» Exercise
Look in the data below for the line that has "X&复古实木桌面杂物收纳盒手账胶带工具收纳抽屉柜梳妆台多层小木", then print exactly every line from there through the line that has "sewer, and trash", leaving pictures out.

» Data records

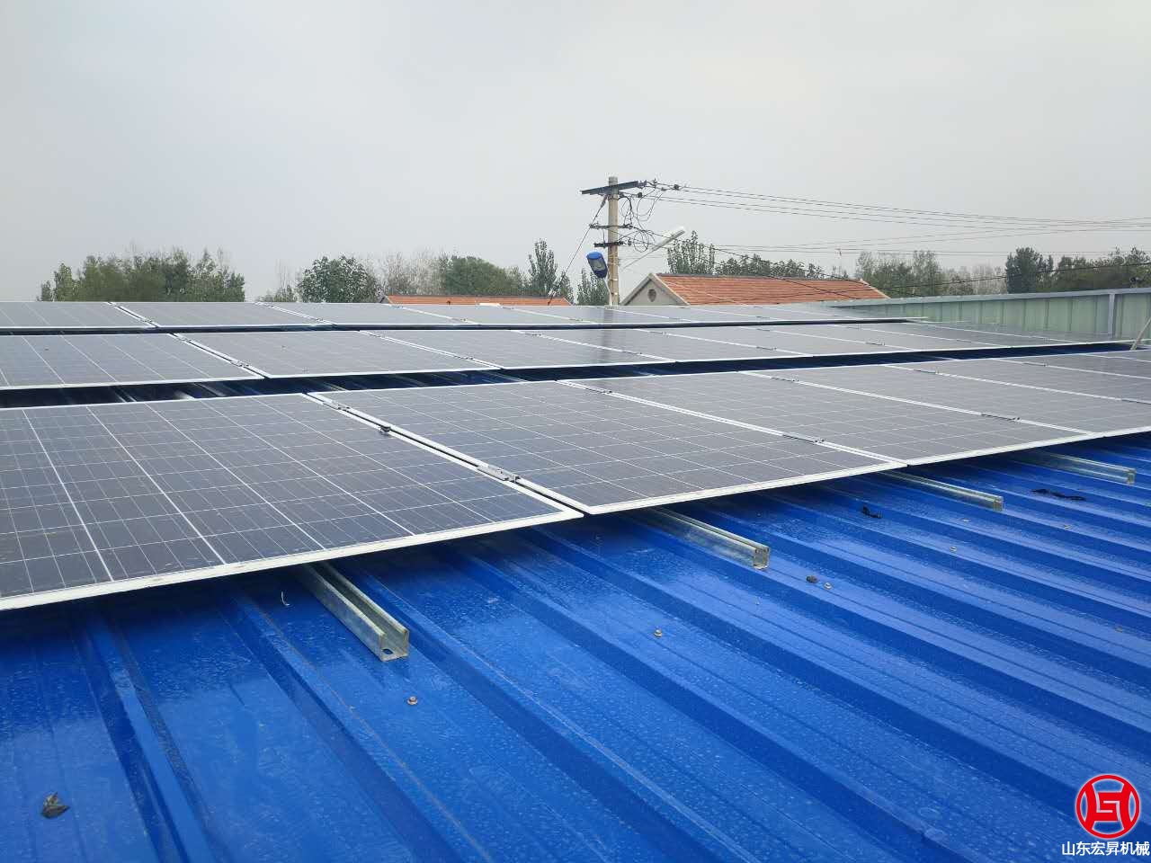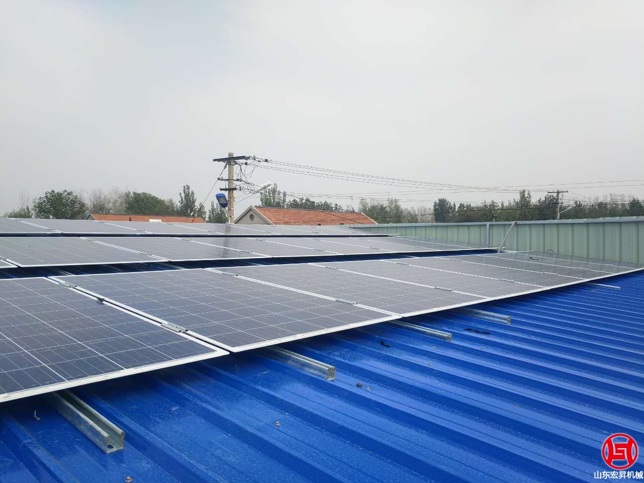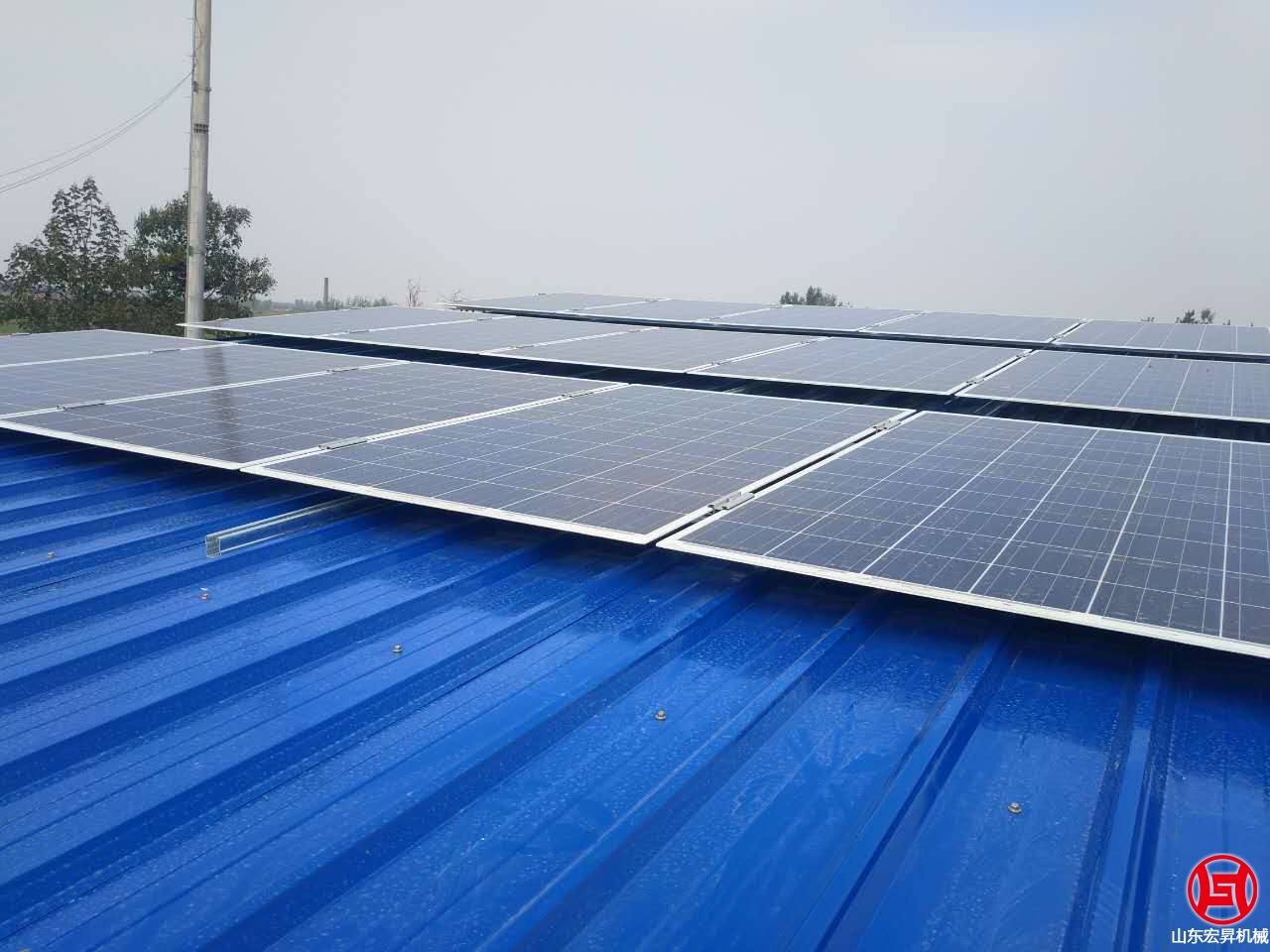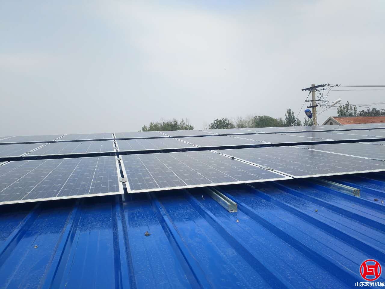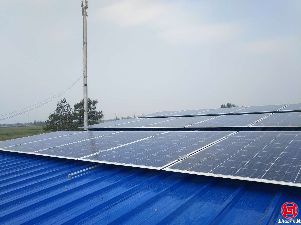 2016年10月,山東宏昇中標峽山區(qū)太保莊街道的扶貧項目,為某村搭建彩鋼瓦鋼結構大棚一個,10KW光伏發(fā)電系統(tǒng)一套,本系統(tǒng)采用265高效率A級雙玻組件,壽命可達30年。7oL山東宏昇機械科技有限公司
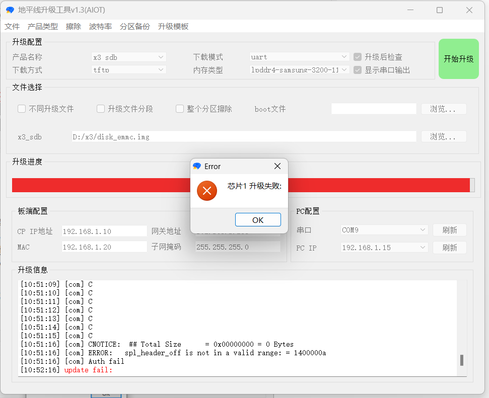 之前选择下载方式不对,重新选择tftp模式后问题如下:
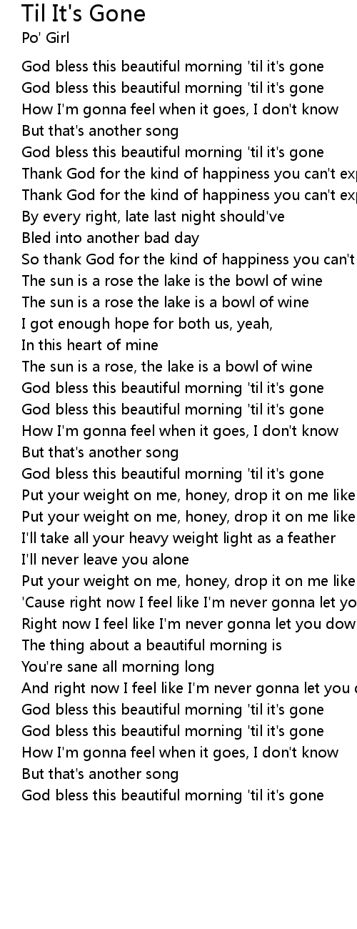 God bless this beautiful morning 'til it's gone |
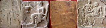 В коллекции Музея Спарты имеются и более ранние рельефы, представляющие легендарные сюжеты. В частности, на пьедестале не сохранившейся скульптуры угадывается сюжет убийства Клитемнестры ее сыном Орестом. (В экспозиции поясняющая подпись ошибочно предполагает, что данный сюжет – встреча Одиссея с Пенелопой или Париса с Еленой). Данная история для древних греков была ключевой: она утверждала определенные стандарты семейных отношений: верность Пенелопы противопоставлена коварству Клитемнестры. Орест был оправдан и ритуально очищен от преступления, поскольку Клитемнестра организовала заговор и убийство своего мужа царя Агамемнона. В "Одиссее" Гомер многократно обращается к этой истории. Что перед нами сюжет именно убийства Клитемнестры доказывается наличием в руках мужчины в шлеме оружия, направленного в сторону женщины. Рельеф датируется 6 в. до н.э.
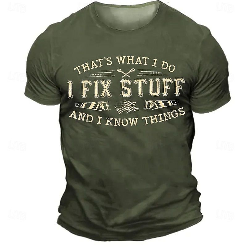 HOT ! Men's Graphic T-Shirt - Funny 'I Fix Stuff & Know Things' Work Humor Short Sleeve Tee for Handymen & Trades
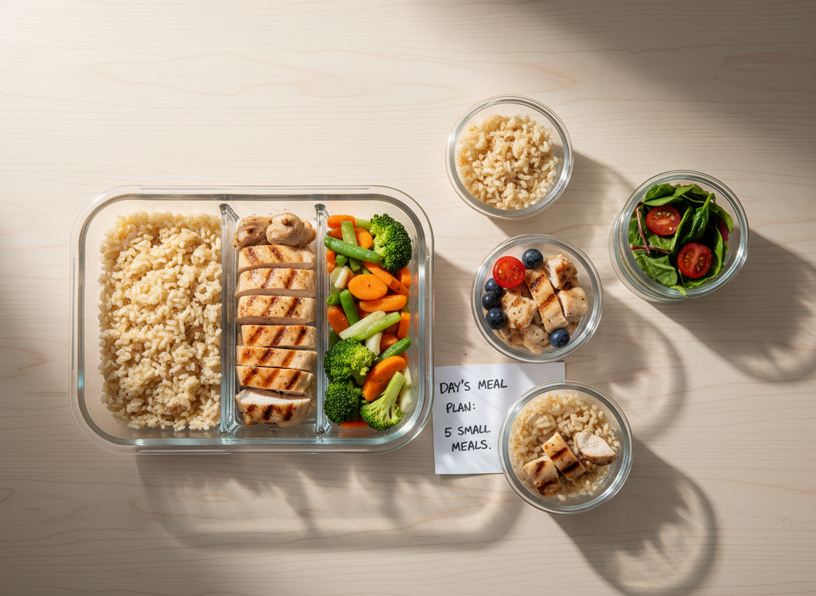 하루 세 끼를 규칙적으로 먹는 것이 중요해요. 그리고 한 번에 많이 먹기보다는 소량씩 여러 번에 나눠 먹는 것이 혈당 관리에 더 유리하고, 과식을 막아줘요. 간격이 너무 길어지면 다음 식사 때 폭식하기 쉬워지거든요.
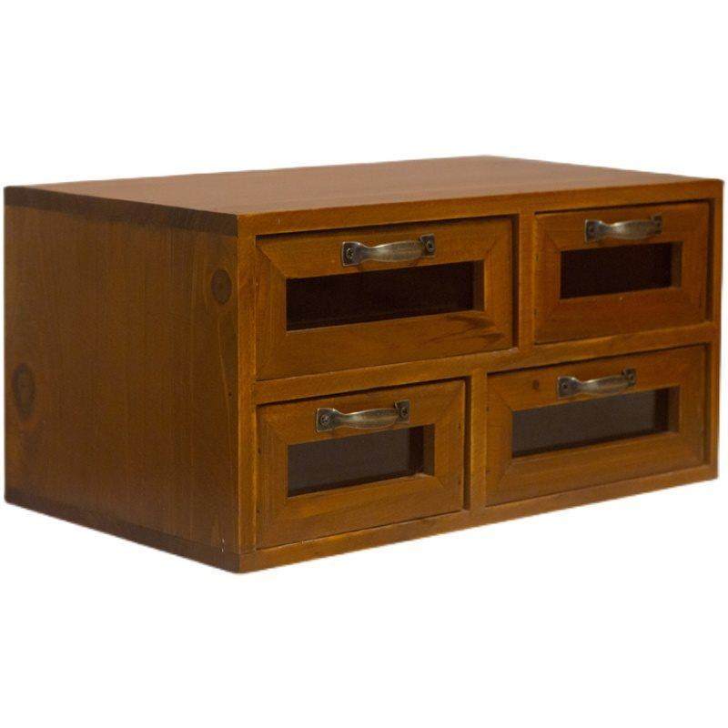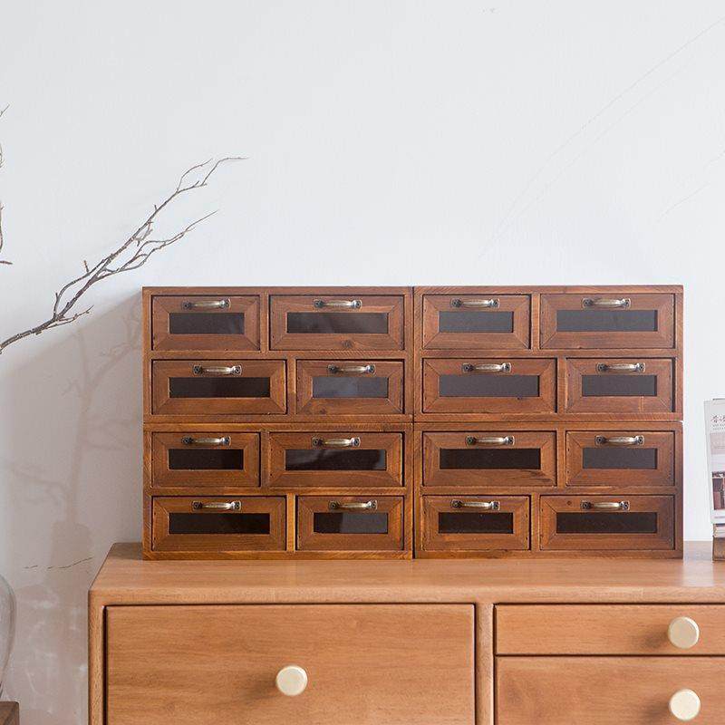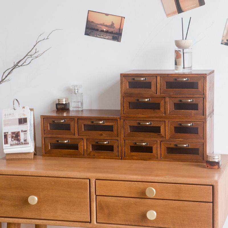 X&复古实木桌面杂物收纳盒手账胶带工具收纳抽屉柜梳妆台多层小木
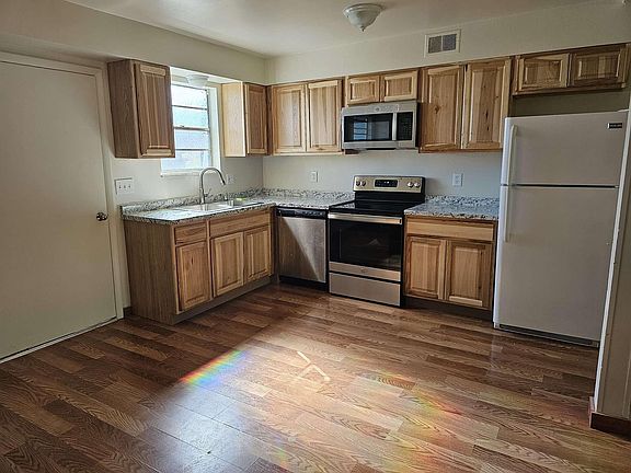 **AVAILABLE AUGUST 1** 2 bedroom, 1 bath apartment in north Golden. Walking distance to downtown Golden and Colorado School of Mines. Newly renovated kitchen, newer carpet and paint throughout, window A/C. Great mountain view from the bedrooms and the deck. Washer/Dryer hookups. Existing washer and dryer available for use. Top floor unit of 2 story building with one flight of stairs. 2 reserved parking spaces, 1 covered. Owner pays water, sewer, and trash
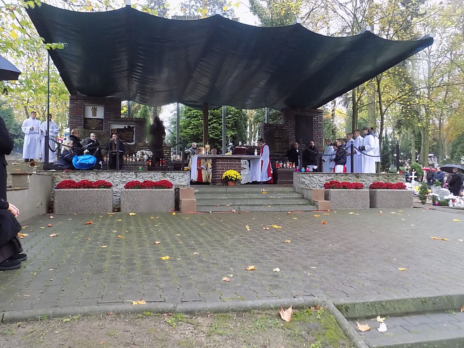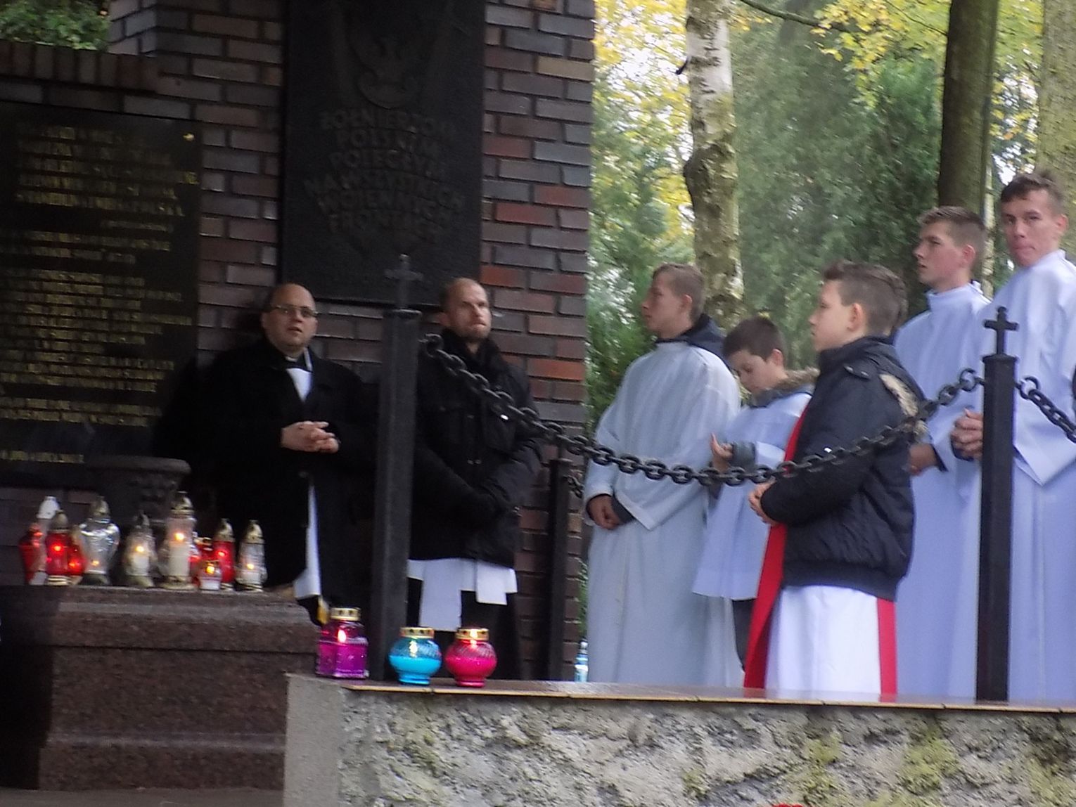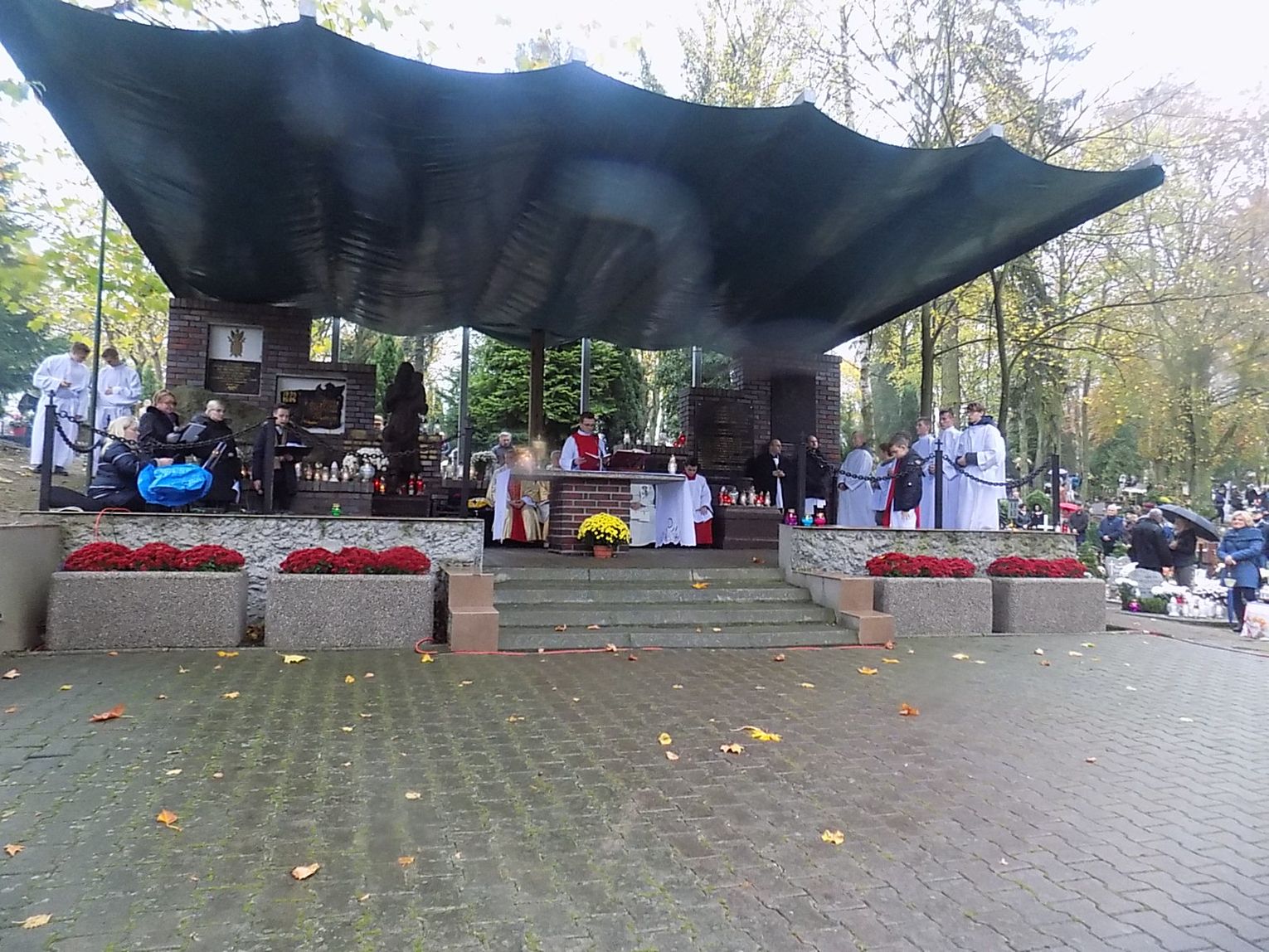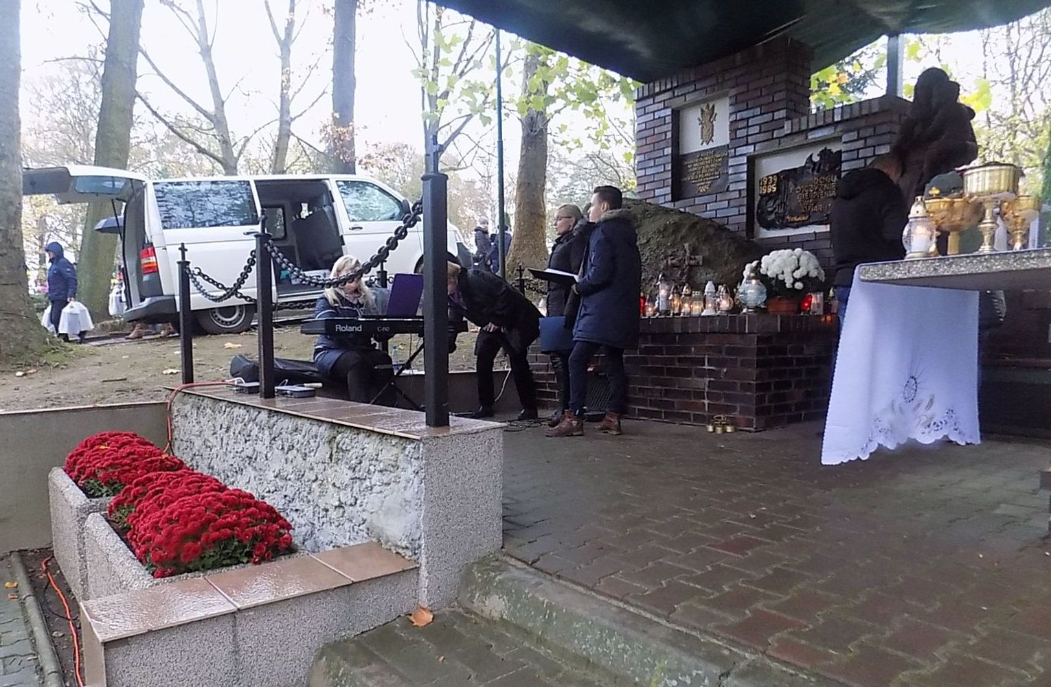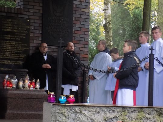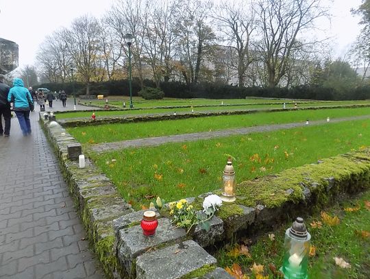 Trochę dalej, w dole tabliczki z setkami nazwisk tych, którzy zginęli za nasze miasto. Ich groby jakby zrównane z ziemią pokryła zielona jeszcze trawa. Tak rzadko pochyla się ktoś, by zapalić znicz lub położyć kwiat. Na cmentarnej Golgocie trwa msza. Księża modlą się do świętych, modlą się za zmarłych. Tylko czy za wszystkich?
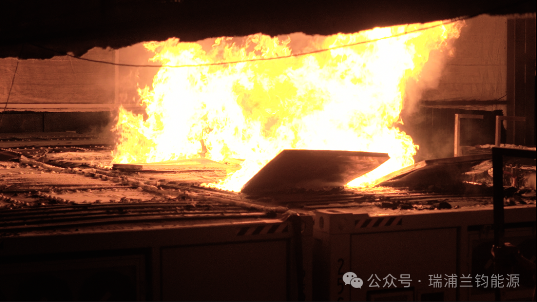 在儲能系統(tǒng)測試中,采用滿裝、滿充的電池艙是極為嚴(yán)苛的條件。此狀態(tài)下,電池存儲能量最大、化學(xué)活性最高,一旦熱失控,釋放的能量最為劇烈,火勢蔓延及對周邊設(shè)備的破壞風(fēng)險也顯著增加。瑞浦蘭鈞選擇在此極限狀態(tài)下進(jìn)行火燒試驗,旨在真實模擬極端事故場景,嚴(yán)苛驗證產(chǎn)品的被動安全能力。

» Response
 X&复古实木桌面杂物收纳盒手账胶带工具收纳抽屉柜梳妆台多层小木
 **AVAILABLE AUGUST 1** 2 bedroom, 1 bath apartment in north Golden. Walking distance to downtown Golden and Colorado School of Mines. Newly renovated kitchen, newer carpet and paint throughout, window A/C. Great mountain view from the bedrooms and the deck. Washer/Dryer hookups. Existing washer and dryer available for use. Top floor unit of 2 story building with one flight of stairs. 2 reserved parking spaces, 1 covered. Owner pays water, sewer, and trash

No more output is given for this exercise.